Capstone Exploratory Data Analysis Report

1. Introduction

This is the exploratory data analysis (EDA) report for the Capstone Project. The objective is to analyze and understand the data sets from blogs, news, and Twitter to prepare for building a text prediction model and a Shiny app.

2. Data Loading

# Load libraries
library(stringi)
library(ggplot2)
library(wordcloud)

## Loading required package: RColorBrewer

library(dplyr)

## 
## Attaching package: 'dplyr'

## The following objects are masked from 'package:stats':
## 
##     filter, lag

## The following objects are masked from 'package:base':
## 
##     intersect, setdiff, setequal, union

# Load data
# Giả sử bạn lưu tại: D:\DSR301c/final/en_US/
blogs <- readLines("D:/DSR301c/final/en_US/en_US.blogs.txt", warn = FALSE)
news  <- readLines("D:/DSR301c/final/en_US/en_US.news.txt", warn = FALSE)
twitter <- readLines("D:/DSR301c/final/en_US/en_US.twitter.txt", warn = FALSE)

3. Basic Summary

# Line counts
length(blogs); length(news); length(twitter)

## [1] 899288

## [1] 1010206

## [1] 2360148

# Word counts
sum(stri_count_words(blogs))

## [1] 37546806

sum(stri_count_words(news))

## [1] 34761151

sum(stri_count_words(twitter))

## [1] 30096649

# Max line length
max(nchar(blogs))

## [1] 40833

max(nchar(news))

## [1] 11384

max(nchar(twitter))

## [1] 144

4. Sample Plots

# Histogram of line lengths
hist(nchar(twitter), main="Twitter Line Lengths", xlab="Chars", col="lightblue")

# Word frequency (example)
library(tm)

## Loading required package: NLP

## 
## Attaching package: 'NLP'

## The following object is masked from 'package:ggplot2':
## 
##     annotate

sample_text <- paste(twitter[1:10000], collapse=" ")
corpus <- Corpus(VectorSource(sample_text))
corpus <- tm_map(corpus, content_transformer(tolower))

## Warning in tm_map.SimpleCorpus(corpus, content_transformer(tolower)):
## transformation drops documents

corpus <- tm_map(corpus, removePunctuation)
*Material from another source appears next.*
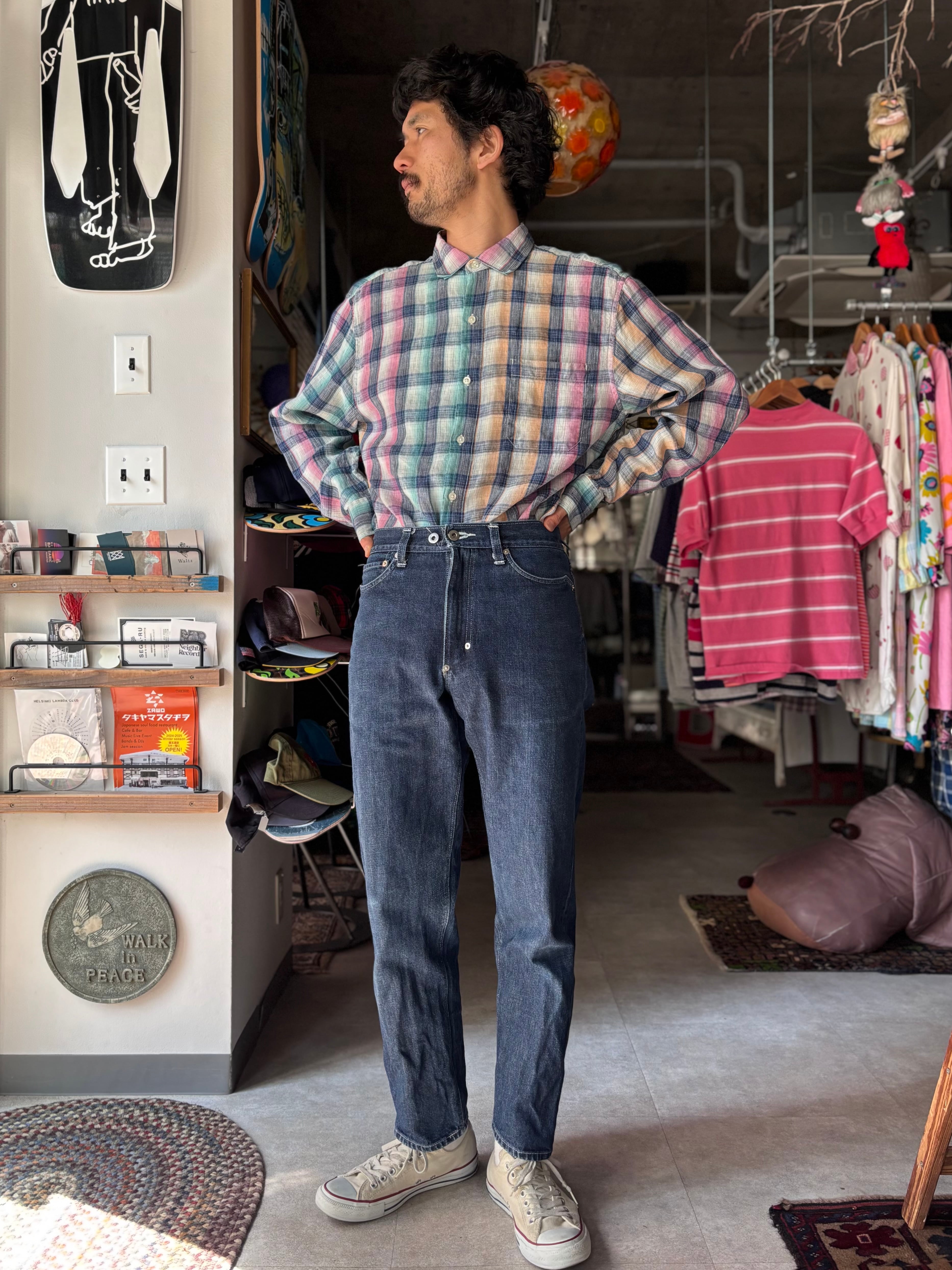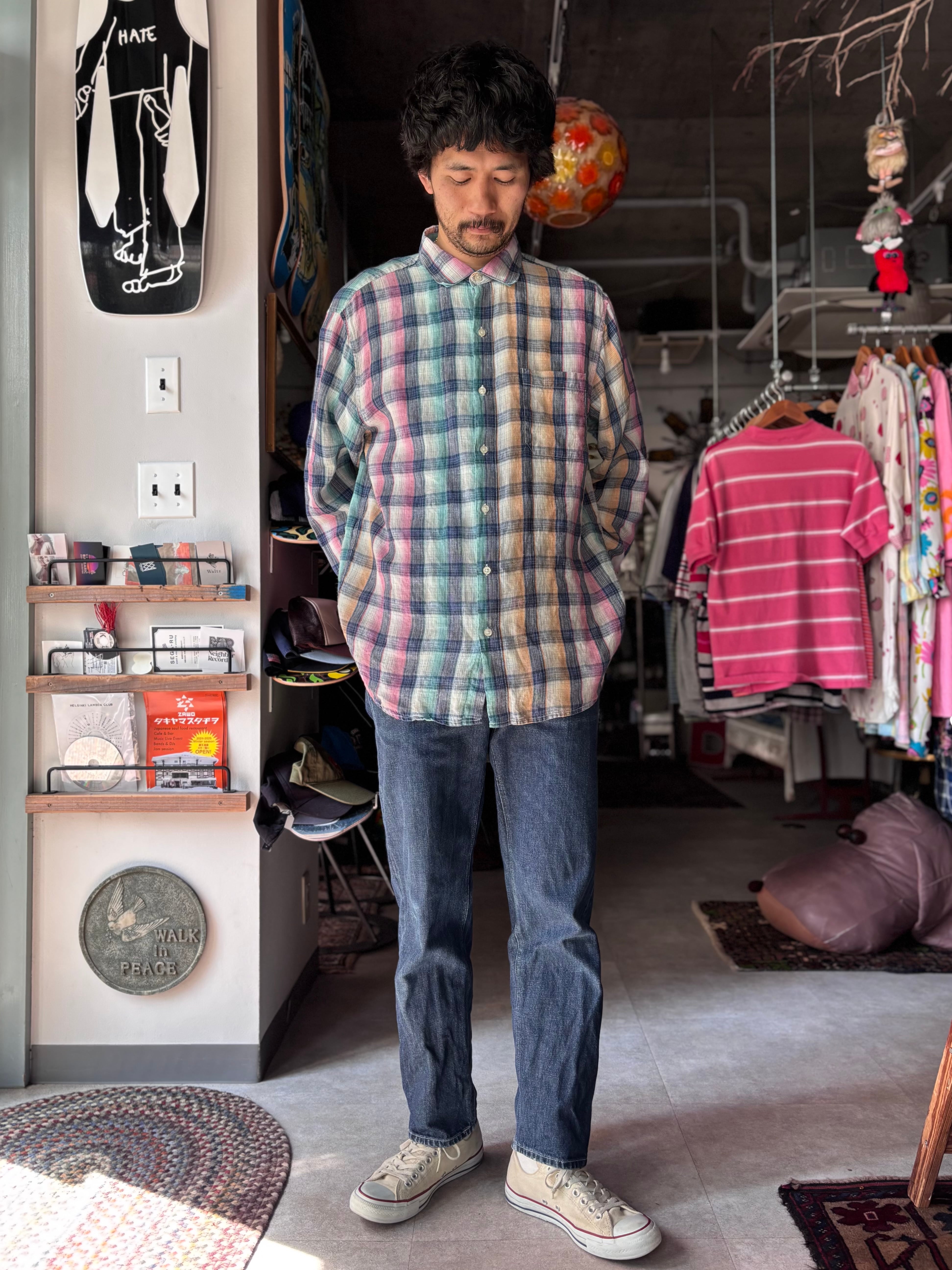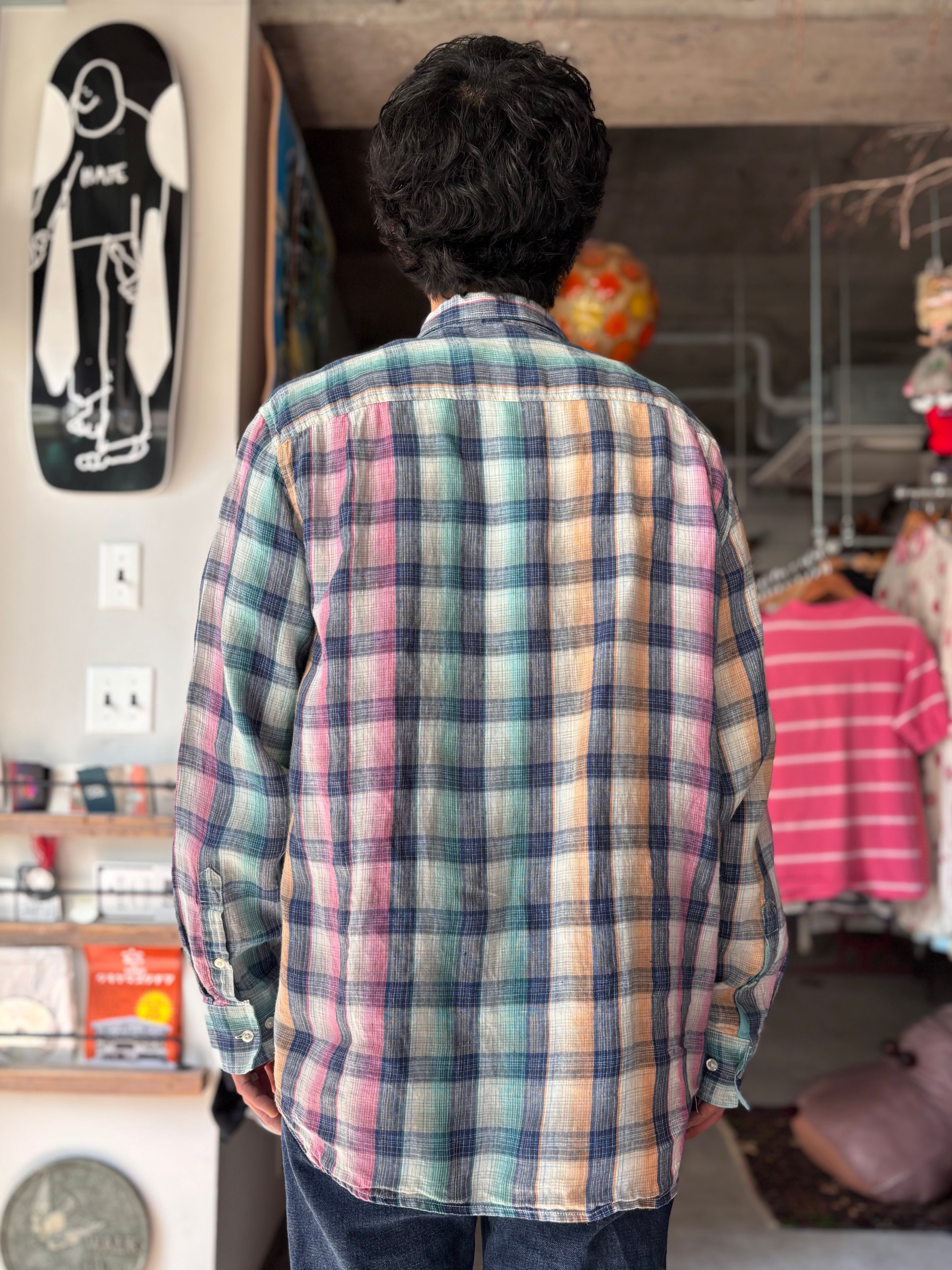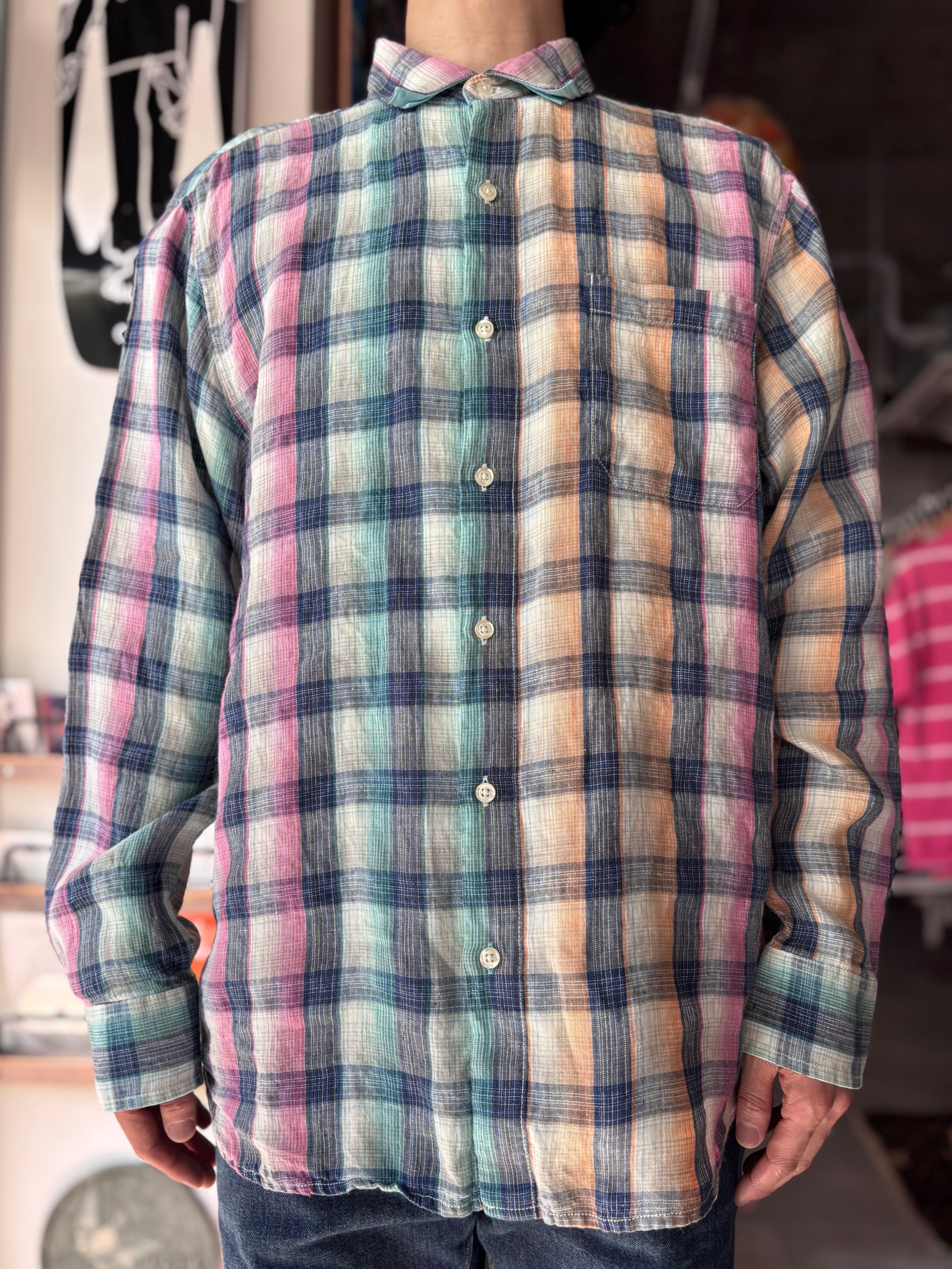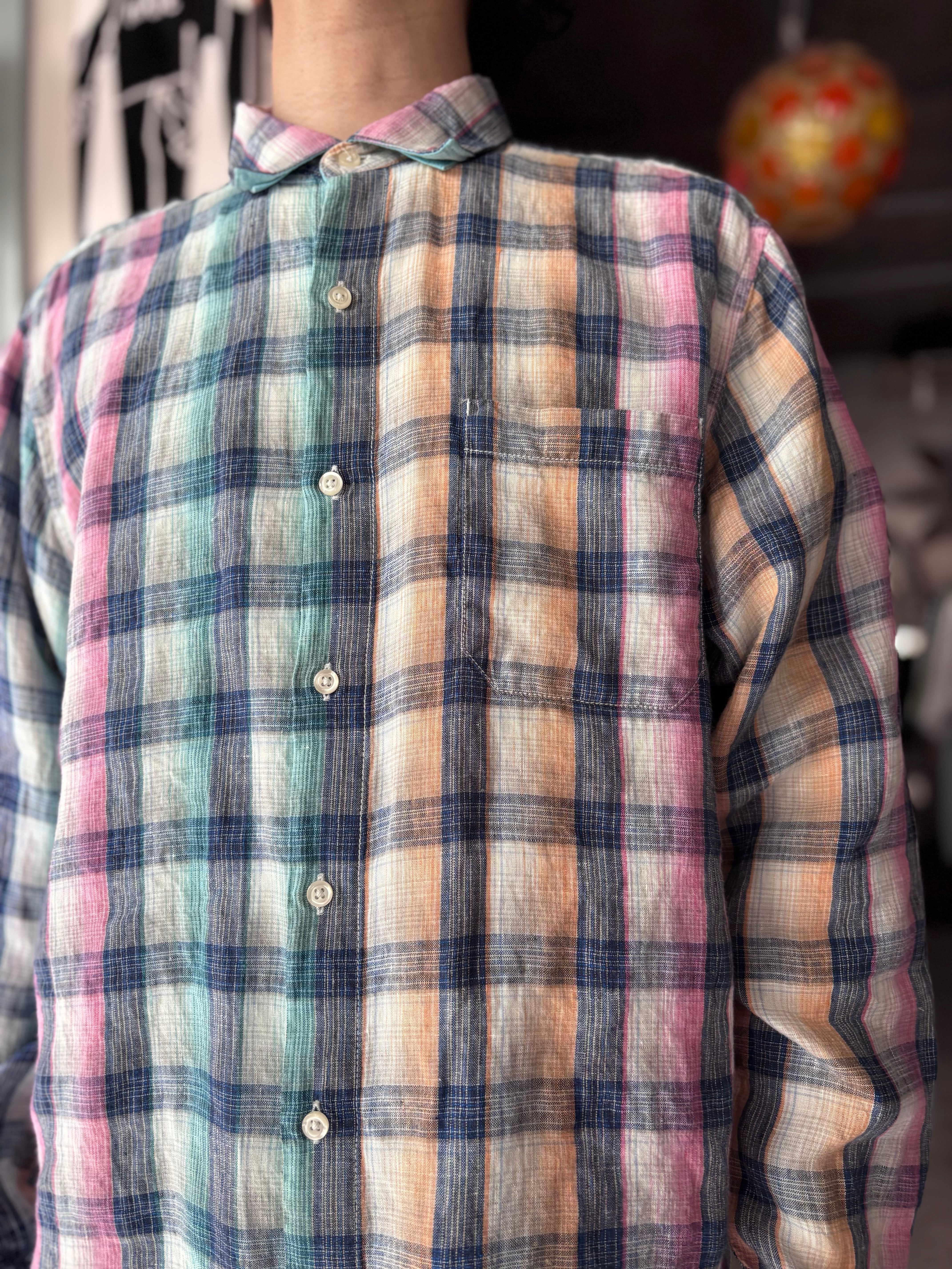 リネン素材。リラックスフィット。綺麗な淡いカラー。珍しいチェックです。

## Warning in tm_map.SimpleCorpus(corpus, removePunctuation): transformation drops
## documents

corpus <- tm_map(corpus, removeNumbers)

## Warning in tm_map.SimpleCorpus(corpus, removeNumbers): transformation drops
## documents

corpus <- tm_map(corpus, removeWords, stopwords("en"))

## Warning in tm_map.SimpleCorpus(corpus, removeWords, stopwords("en")):
## transformation drops documents

dtm <- TermDocumentMatrix(corpus)
matrix <- as.matrix(dtm)
word_freq <- sort(rowSums(matrix), decreasing=TRUE)
wordcloud(names(word_freq), word_freq, max.words=100)

5. Interesting Findings

The Twitter data has the most lines but the shortest average line length.
Blogs have longer lines and higher word density.
Most common words include stop words like “the”, “and”, etc.

6. Plans for Prediction Algorithm and App

We will use the following steps:

Build n-gram models (unigram, bigram, trigram)
Use Markov chain or Stupid Backoff model
Implement the prediction logic inside a Shiny web app
UI will allow users to type text and receive the next word prediction

The model will be trained on a cleaned, sampled version of the dataset.

7. Conclusion

This analysis confirms that the data is cleanable and usable for modeling. The next step will be building n-gram tokenizers and experimenting with various predictive models.